According to another aspect of the invention, the quantization uses adaptive step sizes. Preferably, the quantization step size(s) for components of the transform domain signal is/are adapted based on linear prediction and/or long term prediction parameters. The quantization step size(s) may further be configured to be frequency depending. In embodiments of the invention, the quantization step size is determined based on at least one of: the polynomial of the adaptive filter, a coding rate control parameter, a long term prediction gain value, and an input signal variance.
Another aspect of the invention relates to long term prediction (LTP), in particular to long term prediction in the MDCT-domain, MDCT frame adapted LTP and MDCT weighted LTP search. These aspects are applicable irrespective whether a LPC analysis is present upstream of the transform coder.

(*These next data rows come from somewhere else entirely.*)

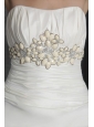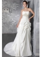 Home >  Wedding Dresses >  Affordable Wedding Dresses > Romantic Column/Sheath Strapless Court Train Taffeta Beading Wedding Dress
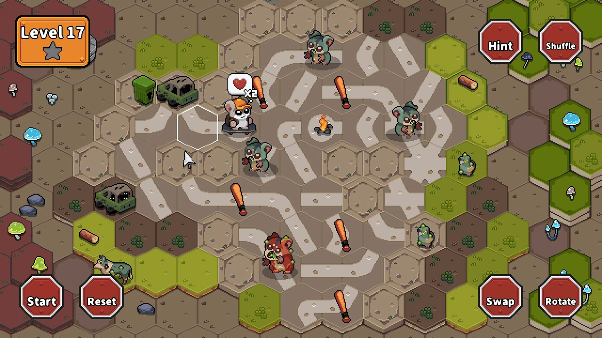 Cookie’s Trails is a cozy tactical puzzle set in a post-apocalyptic world with a sweet twist. The player guides a friendly hamster survivor through zombie-filled trails, collecting baseball bats and medical kits to safely reach the camp.
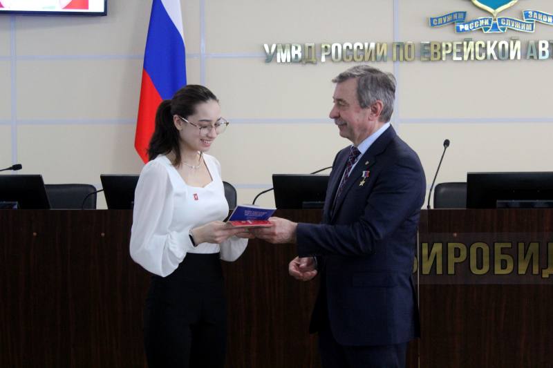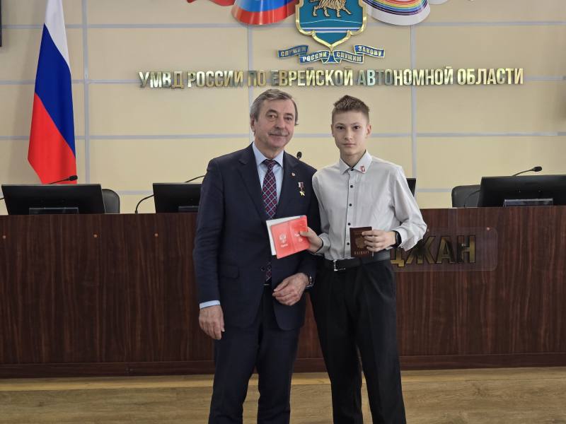 В УМВД России по ЕАО космонавт, Герой России Александр Лазуткин вручил юным биробиджанцам первые паспорта
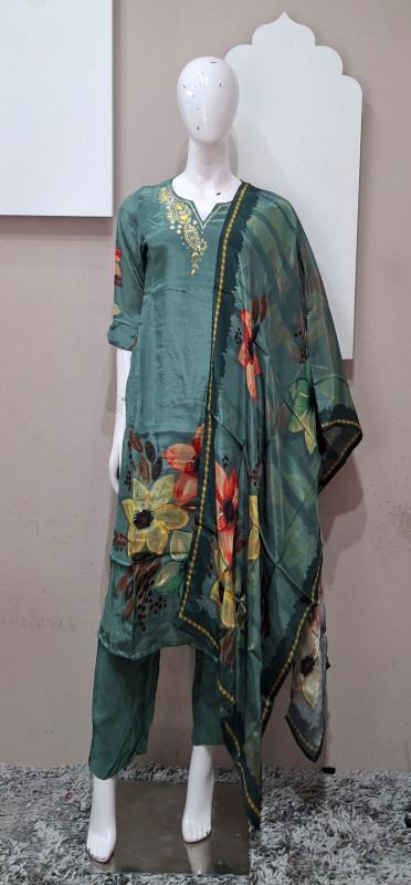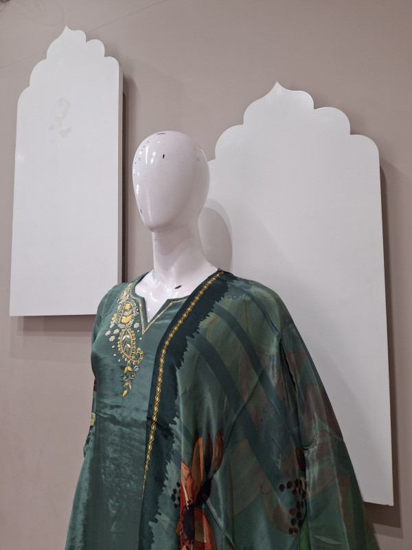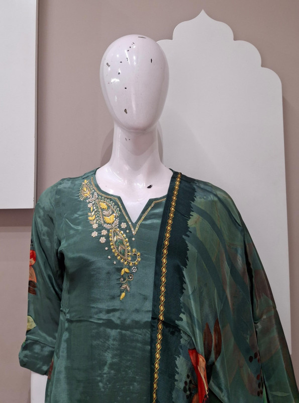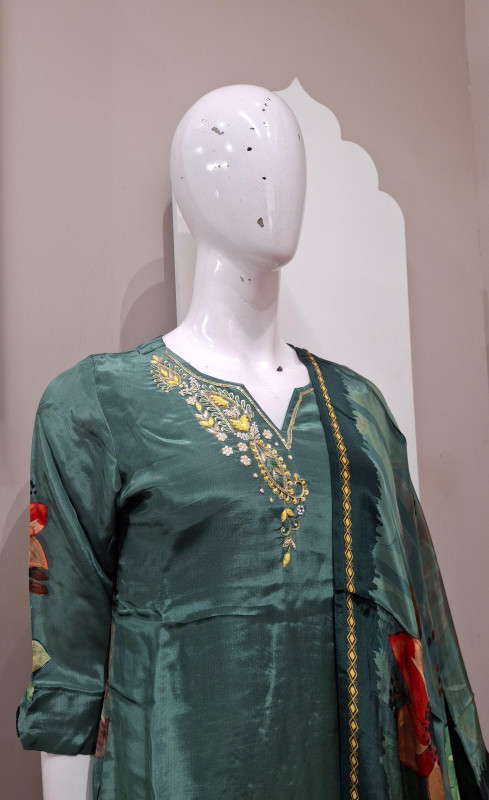 Soft natural crepe fabric kurta with matching pant and dupatta. Features elegant handwork with graceful digital print. Lightweight, comfortable, and perfect for festive occasions, casual functions, and elegant day wear. ✨
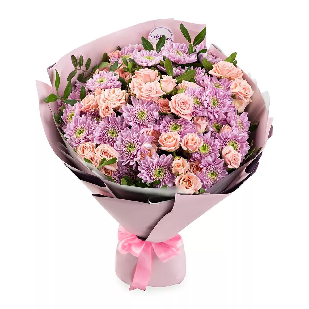 confezione decorativa - 1 pz crisantemo arbustivo - 7 pz rosa arbustiva - 7 pz verdure verdi - 3 pz
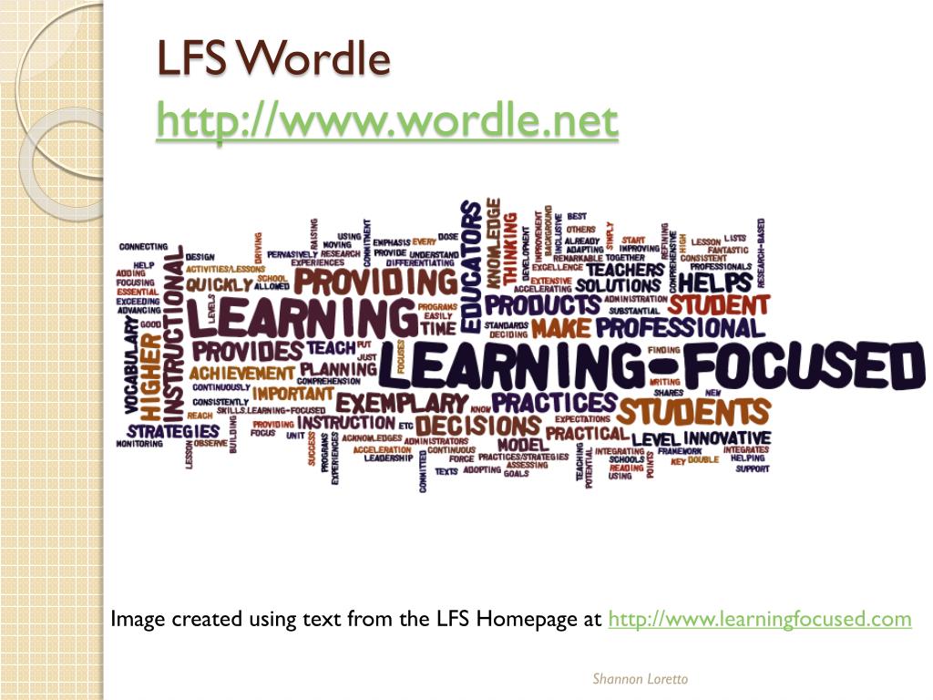 LFS Wordlehttp://www.wordle.net Image created using text from the LFS Homepage at http://www.learningfocused.com Shannon Loretto

According to an embodiment, the long term prediction unit comprises a long term prediction extractor for determining a lag value specifying the reconstructed segment of the filtered signal that best fits the current frame of the filtered signal. A long term prediction gain estimator may estimate a gain value applied to the signal of the selected segment of the filtered signal. Preferably, the lag value and the gain value are determined so as to minimize a distortion criterion relating to the difference, in a perceptual domain, of the long term prediction estimation to the transformed input signal. The distortion criterion may relate to the difference of the long term prediction estimation to the transformed input signal in a perceptual domain. Preferably, the distortion criterion is minimized by searching the lag value and the gain value in the perceptual domain. A modified linear prediction polynomial may be applied as MDCT-domain equalization gain curve when minimizing the distortion criterion.

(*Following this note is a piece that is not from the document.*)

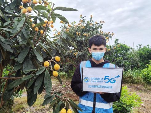 图为:广西移动技术人员在枇杷果园开展网络测试
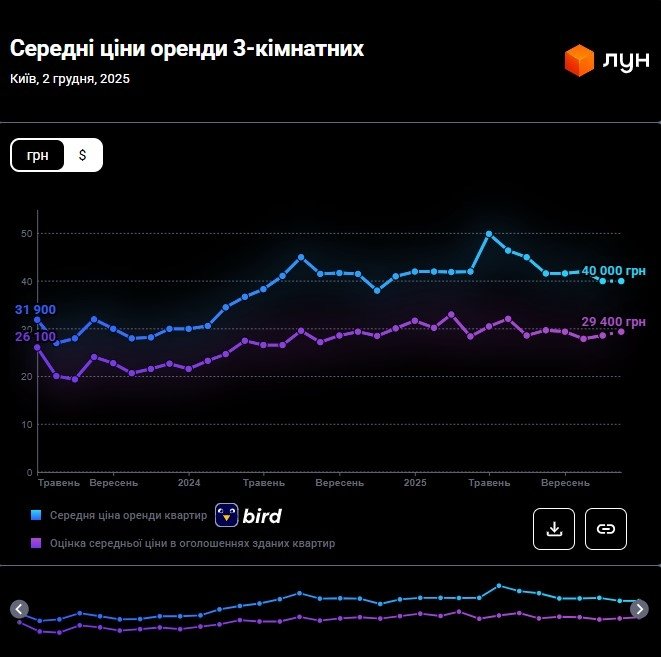 Водночас середня ціна на оренду трикімнатних квартир в оголошеннях становить 40 000 грн. Ціна залишилася незмінною порівняно з попереднім місяцем.

The long term prediction unit may comprise a transformation unit for transforming the reconstructed signal of segments from the LTP buffer into the transform domain. For an efficient implementation of a MDCT transformation, the transformation is preferably a type-IV Discrete-Cosine Transformation.
Virtual vectors may be used to generate an extended segment of the reconstructed signal when a lag value is smaller than the MDCT frame length. The virtual vectors are preferably generated by an iterative fold-in fold-out procedure to refine the generated segment of the reconstructed signal. Thus, not yet existing segments of the reconstructed signal are generated during the lag search procedure of the long term prediction.
The reconstructed signal in the long term prediction buffer may be resampled based on a time-warp curve when the transformation unit is operating on time-warped signals. This allows a time-warped LPT extraction matching a time-warped MDCT.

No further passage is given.